Saturday 25 September 2010


I recently went to Wells Cathedral for the first time. Obviously medieval cathedrals are a bit of a specialist subject of mine, but I still constantly underestimate their ability to surprise and amaze.

Wells is so extraordinarily beautiful, I think anyone who lazily uses the word 'medieval' as a synonym for 'backward' or 'barbarous' ought to be forcibly marched there and made to sit and just look at it until they recant.

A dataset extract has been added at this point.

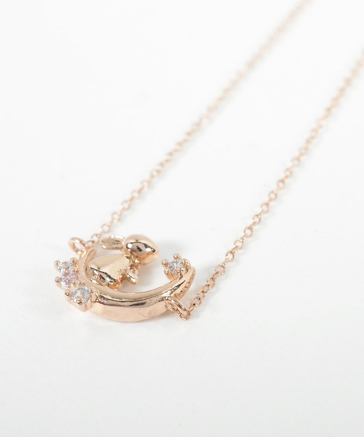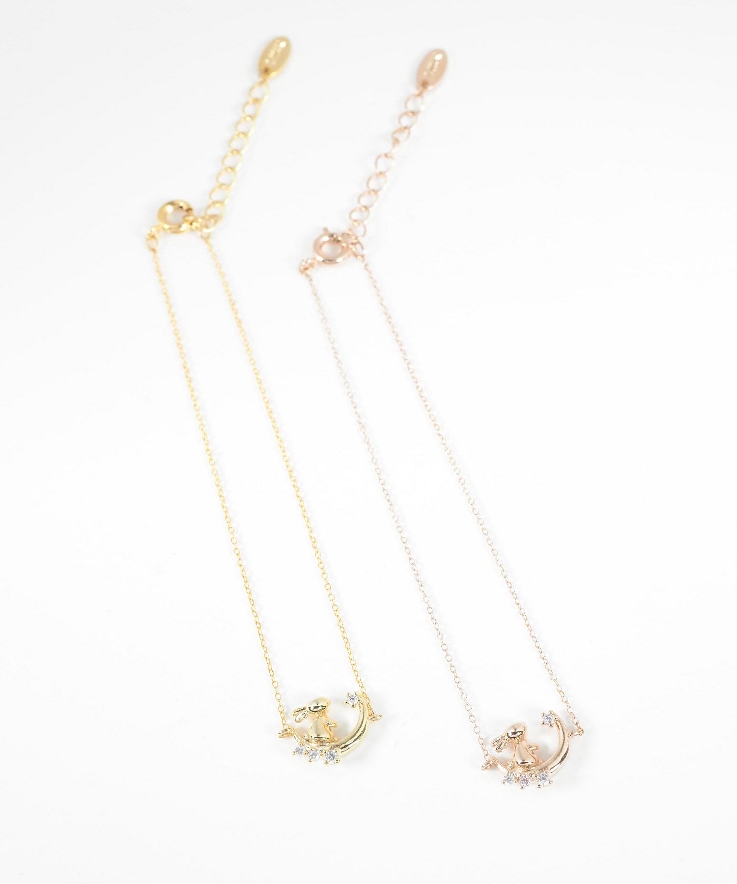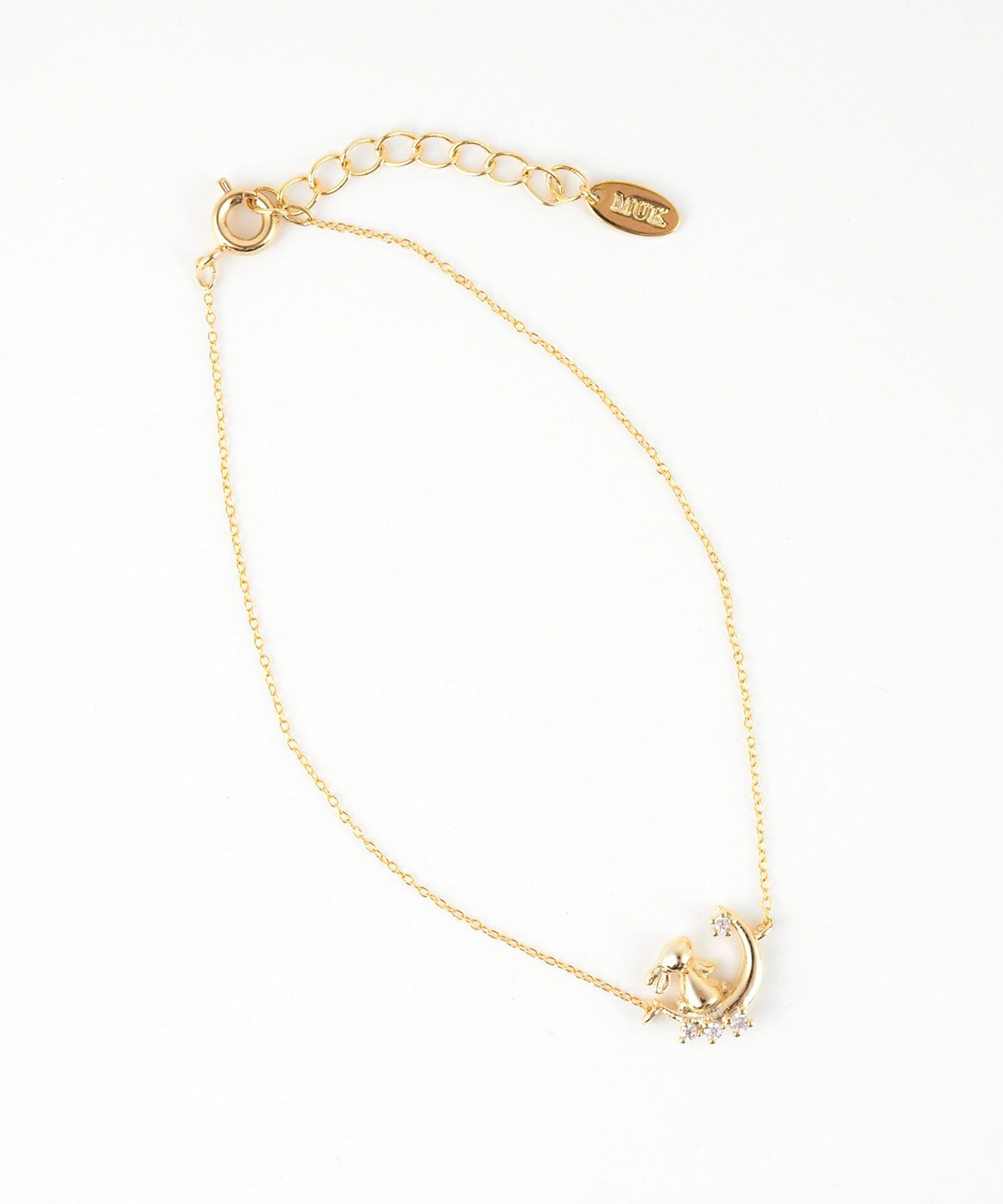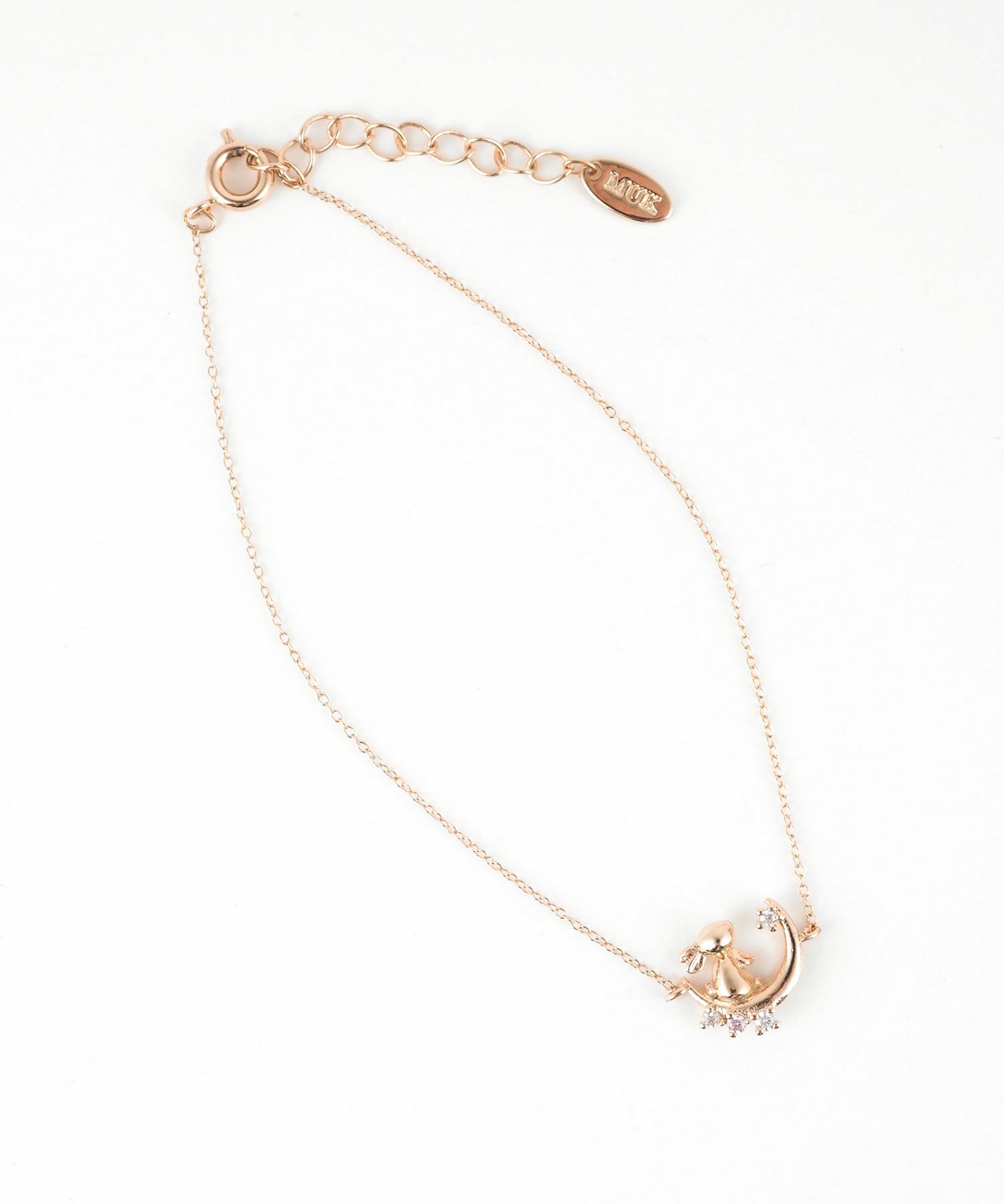 秋らしいモチーフのアクセサリーをご用意いたしました。月に乗ったうさぎのシルエットが愛らしいブレスレット。三日月に添えられたキュービックジルコニアがさりげなくきらめきます。

Photos, with a wonderful carol by Geoffrey Dearmer.

The Builders

Sing all good people gathered,
Your voices raise in song
Within this church that fathered
Our ancient faith so strong,
So tried and wrought to fitness
In scorn of fire and sword;
Sing, as these stones bear witness,
Of men who praised the Lord.

Each rib from pillars springing
A frozen fountain plays
Above the chancel singing
In harmony of praise;
Like tall trees ever growing,
The differing columns stand
To bear the vault down-throwing
The shadow of God's hand.

At all times and unceasing,
Work well and truly done,
In loveliness increasing,
And mellowed here in one.
The towers and piers unshaken,
The vaultings finely groined,
Time in its span hath taken
And in one glory joined.

Of wealth and fame and power
These masons did not know:
'Let's build,' they said, 'a tower,
Square to the winds that blow;
We are not men of culture,
Yet we are here to build
Room for a king's sepulchre
And worthy of our guild.'

So came each beam and rafter,
Each wingèd flight of stone.
Their deathless work lives after,
Their names were never known:*
For beauty did they plead not,
Yet beauty they did win,
And, like a child you heed not,
The grace of Heaven crept in.

Here, for a workman's wages,
This glass so surely stained
Down the long aisle of ages
In glory hath remained.
As brother works with brother,
The glaziers worked to paint
The blue robe of the Mother,
The red robe of a saint.

Proud heads lie here, disowning
All but a drooping Head;
Whole hands worked here, atoning
For open hands that bled;
Full hearts and living voices
A broken Heart proclaim;
Life after death rejoices,
And after silence, fame.

* Although we do know these: William Wynford and Elias of Dereham.

1 comment:

Trychay said...

Some years ago - probably about seven years before you were born, if you are a current D. Phil student - I was wandering around Wells Cathedral during a rehearsal of Haydn's 'Creation' in which a friend was taking part. As I gazed upwards at the stonework, I became aware of the note D above middle C being played pianissimo by the violins, then of other instruments joining, to a climax of portentous chords of D major. It was the rising of the sun - Haydn's version of Milton's sun beginning his state - and I was transfixed. Your blog brings it acutely back to me.